Make them prove you read it, I say! :rofl:

The Spanish Inquisition and Censorship - http://jqjacobs.net/anthro/cannibalism.html

The Spanish Inquisition had a very significant impact on writing. Spanish controls over printing date to 1502, when a pragmatic issued by Ferdinand and Isabella made licenses for printing or importing books obligatory (Kamen 1997:103). In 1564, the Council of Trent granted bishops the general power to license book printing (Kamen 1997:103). In the case of the Catechism by Fray Luis, approval by the Council of Trent and the Pope was not sufficient to deter the inquisitors from demanding corrections before the book was allowed to circulate (Kamen 1997:111).
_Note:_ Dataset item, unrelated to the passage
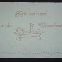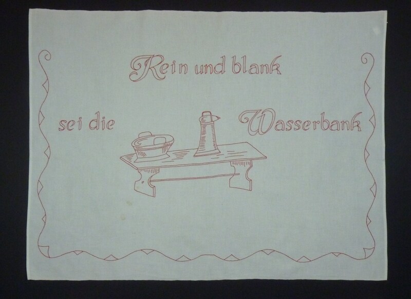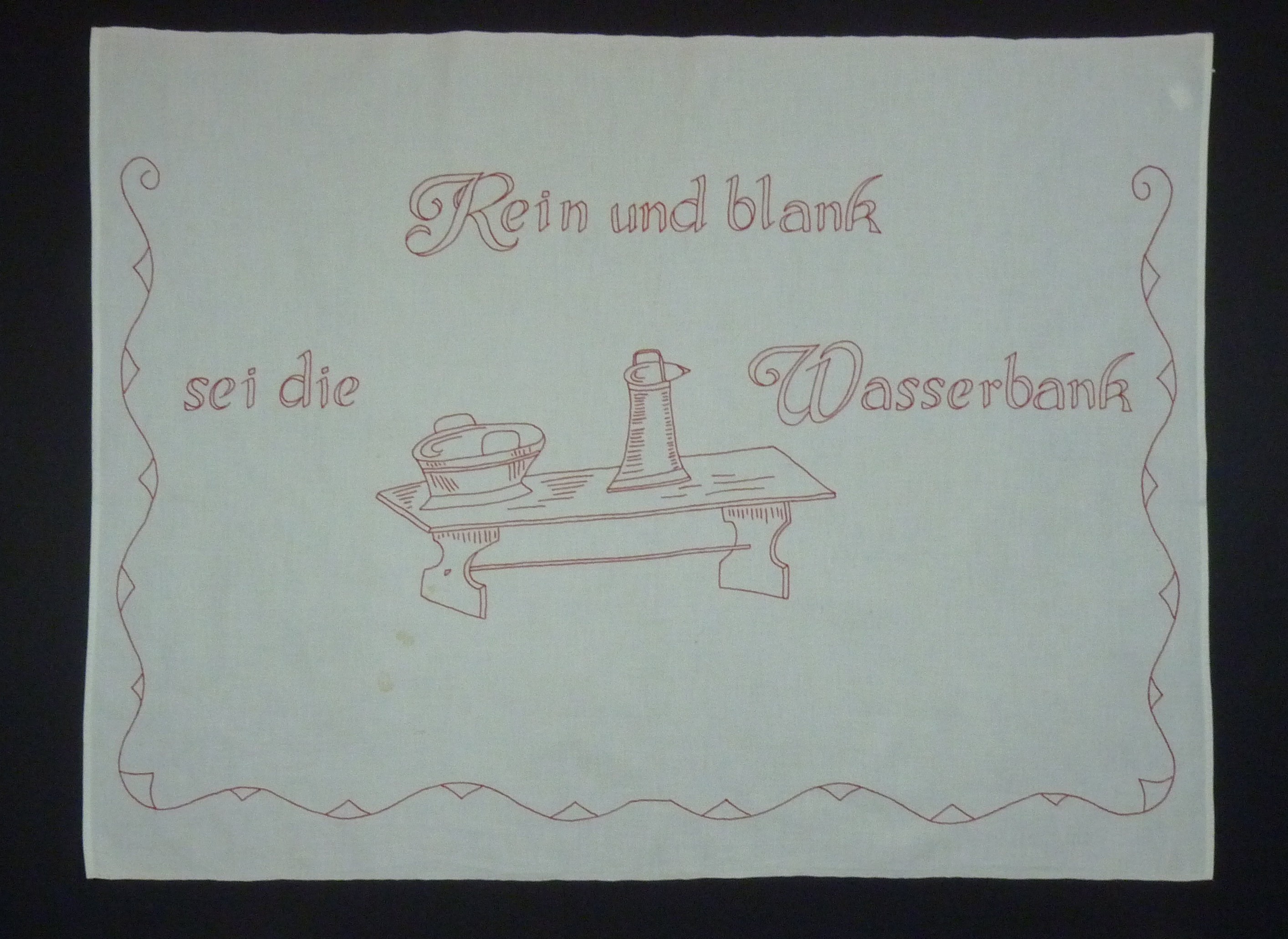 rot bestickt; Motiv: Bank mit Schüssel und Krug;

Various indices listed banned books. The 1559 Spanish Index even prohibited works circulating in manuscript form. The Index of Prohibited Books issued by the Council of Trent in 1564 influenced subsequent indices, including an expurgatory Index requiring the excising of offending passages from otherwise orthodox books (Kamen 1997:113). By 1583, the General Index banned 2,315 books, an increase from 700 in 1571, and the 1584 Index expurgated many more. Book burning was common at the time of discovery. The Arabic books in Granada were burned on order of a royal decree in 1501 (Kamen 1997:114). In 1552 the Inquisition ordered that heretical books be burned in public. A Jesuit working in the Barcelona Holy Office reported mountains of books burned on seven or eight occasions (Kamen 1997:114).